Supplied data ▸
########################################

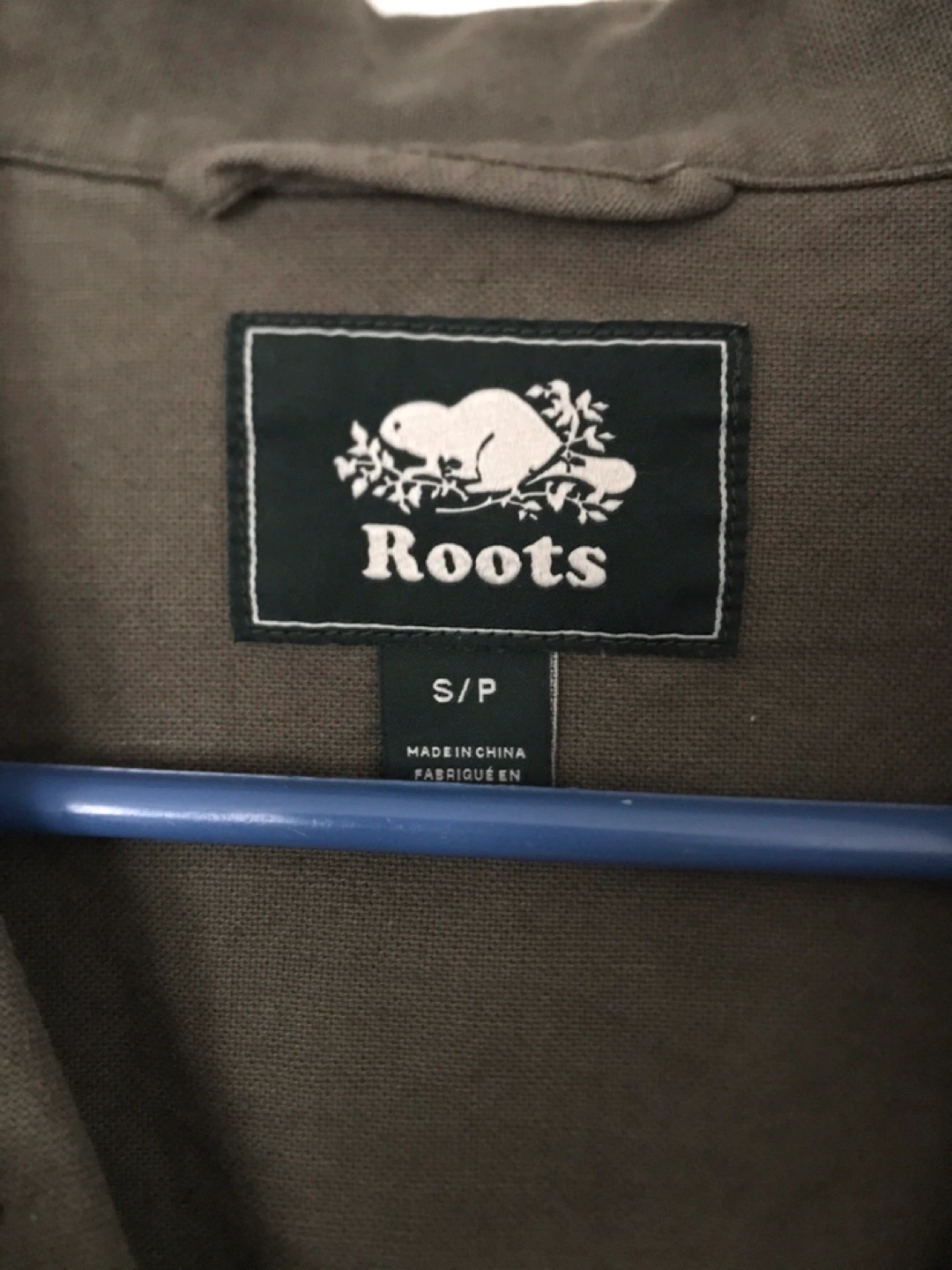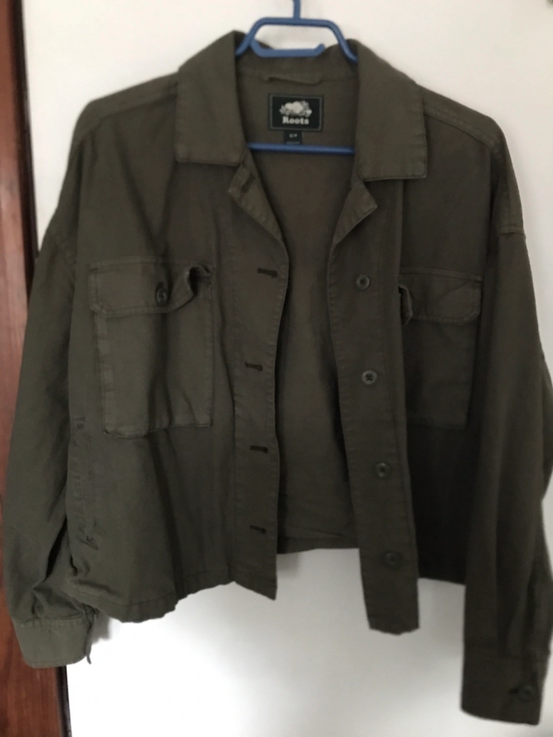 Never worn before Roots jacket! Size small but fits on the looser side. Material is canvas and very durable, and the jacket is on the lighter side - perfect for spring and summer!
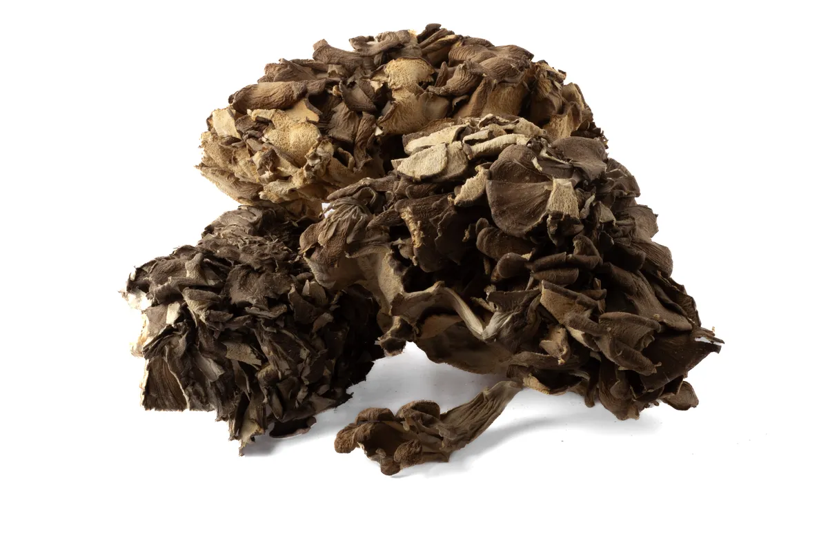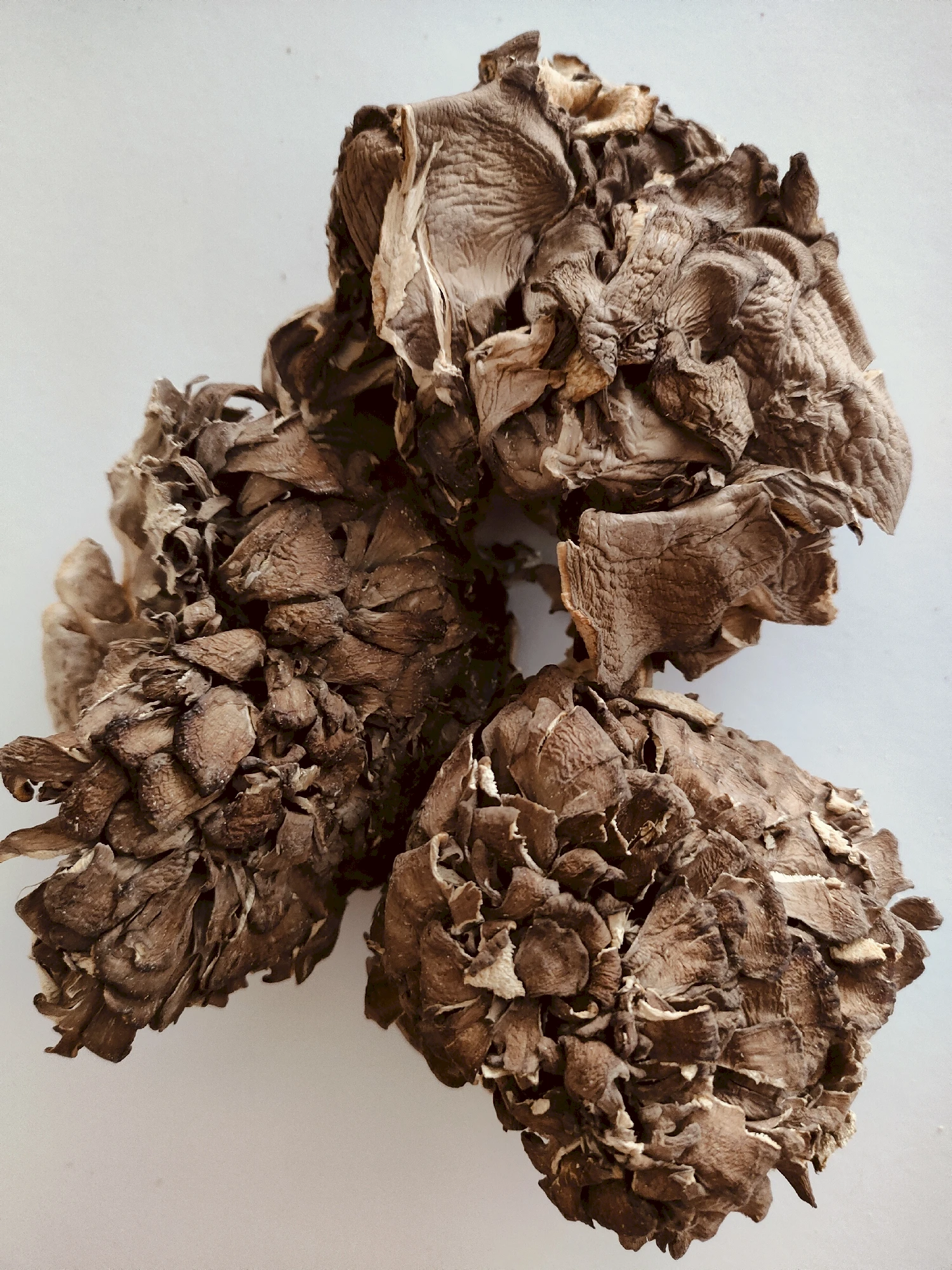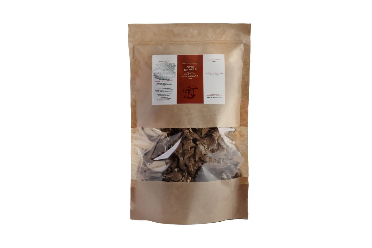 100% żągwica listkowata (Grifola frondosa) 100g – Maitake – grzyb ten jest bardzo popularny w kuchni azjatyckiej i zdobywa coraz większą popularność w kuchni niemieckiej i francuskiej. Maitake, czyli po polsku żagwica listkowata występuje w naszych polskich lasach, ale jest pod ochroną, dlatego musimy go importować z Chin. Nie obawiaj się jednak. Nasz dział kontroli jakości stale monitoruje dostawy i możemy Ci zagwarantować, że dostajesz od nas produkt z najwyższej półki! Żagwica listkowata to grzyb nie tylko o cenionych właściwościach kulinarnych ale również, albo przede wszystkim jest to tzw. super food i grzyb o właściwościach prozdrowotnych! Posiada potwierdzone właściwości antyoksydacyjne, przeciwzapalne, immunomodulacyjne i wspomagające układ odpornościowy. Regularne spożywanie żagwicy reguluje poziom cukru we krwi, zmniejsza nadciśnienie, redukuje cholesterol i trójglicerydy. Ma potwierdzone właściwości przeciwnowotworowe (rak piersi, prostaty, wątroby i płuc), wspomagając organizm w walce przyczynia się do poprawy rokowań a czasami nawet do regresji wymienionych nowotworów. Spożywanie Maitake wpływa również pozytywnie na pracę i regenerację wątroby.
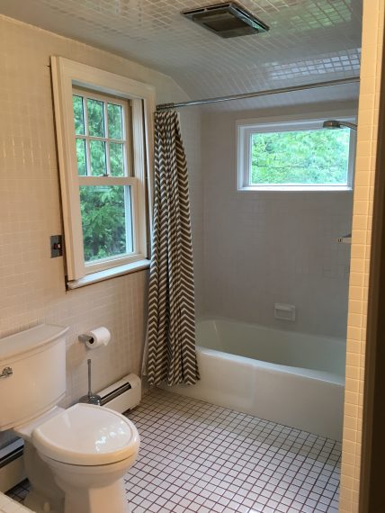 This Staatsburg bathroom renovation features striking encaustic tile, ceramic tiles in which the pattern or figure on the surface is not a product of the glaze but of different colors of clay. The pattern appears inlaid into the body of the tile so that the design remains as the tile ages. A Runtal heater, from a Swiss-owned company renowned for radiator technology and special design, provides optimum comfort and efficiency in radiant heating.

########################################

No pictures, please. Output the listing above exactly as it stands.

 Never worn before Roots jacket! Size small but fits on the looser side. Material is canvas and very durable, and the jacket is on the lighter side - perfect for spring and summer!
 100% żągwica listkowata (Grifola frondosa) 100g – Maitake – grzyb ten jest bardzo popularny w kuchni azjatyckiej i zdobywa coraz większą popularność w kuchni niemieckiej i francuskiej. Maitake, czyli po polsku żagwica listkowata występuje w naszych polskich lasach, ale jest pod ochroną, dlatego musimy go importować z Chin. Nie obawiaj się jednak. Nasz dział kontroli jakości stale monitoruje dostawy i możemy Ci zagwarantować, że dostajesz od nas produkt z najwyższej półki! Żagwica listkowata to grzyb nie tylko o cenionych właściwościach kulinarnych ale również, albo przede wszystkim jest to tzw. super food i grzyb o właściwościach prozdrowotnych! Posiada potwierdzone właściwości antyoksydacyjne, przeciwzapalne, immunomodulacyjne i wspomagające układ odpornościowy. Regularne spożywanie żagwicy reguluje poziom cukru we krwi, zmniejsza nadciśnienie, redukuje cholesterol i trójglicerydy. Ma potwierdzone właściwości przeciwnowotworowe (rak piersi, prostaty, wątroby i płuc), wspomagając organizm w walce przyczynia się do poprawy rokowań a czasami nawet do regresji wymienionych nowotworów. Spożywanie Maitake wpływa również pozytywnie na pracę i regenerację wątroby.
 This Staatsburg bathroom renovation features striking encaustic tile, ceramic tiles in which the pattern or figure on the surface is not a product of the glaze but of different colors of clay. The pattern appears inlaid into the body of the tile so that the design remains as the tile ages. A Runtal heater, from a Swiss-owned company renowned for radiator technology and special design, provides optimum comfort and efficiency in radiant heating.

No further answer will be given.